**STORED DATA**
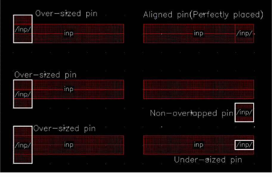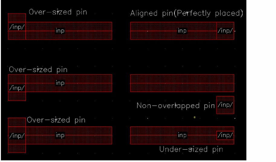 Select Pin to wire overlap to check if there is any physical overlap of pins with the wire. The figure below shows that the pins can be aligned on wires or be in violation as under-sized, over-sized, or non-overlapping.
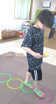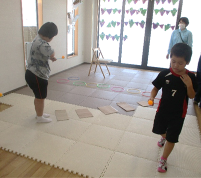 投稿日: 2025年9月8日2025年9月24日 投稿者: oakleaves室内ゲーム スプーンにのせた卓球たっきゅうの球たまを落おとさないように歩あるき、スタートからゴールまでのタイムを競きそいました。 集中しゅうちゅうしています フープも踏ふまないように。
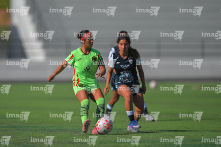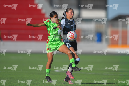 Ciudad Juárez, Chihuahua, 22 de Marzo de 2026. Xiomara Lujan y Katia Delgado, durante el partido correspondiente a la jornada 11 del torneo Clausura 2026 de la Liga BBVA MX Femenil categoría Sub19, entre las Bravas de FC Juárez y las Tuzas del Pachuca, realizado en realizado en el Estadio 8 de Diciembre. Foto: Imago7/ José Zamora

**GOAL OF THE EXERCISE**
Emit the lines of the material exactly, from its first line to the line containing "投稿日: 2025年9月8日2025年9月24日 投稿者: oakleaves室内ゲーム", inclusive; leave every picture out.

**SOLVED PROBLEM**
 Select Pin to wire overlap to check if there is any physical overlap of pins with the wire. The figure below shows that the pins can be aligned on wires or be in violation as under-sized, over-sized, or non-overlapping.
 投稿日: 2025年9月8日2025年9月24日 投稿者: oakleaves室内ゲーム スプーンにのせた卓球たっきゅうの球たまを落おとさないように歩あるき、スタートからゴールまでのタイムを競きそいました。 集中しゅうちゅうしています フープも踏ふまないように。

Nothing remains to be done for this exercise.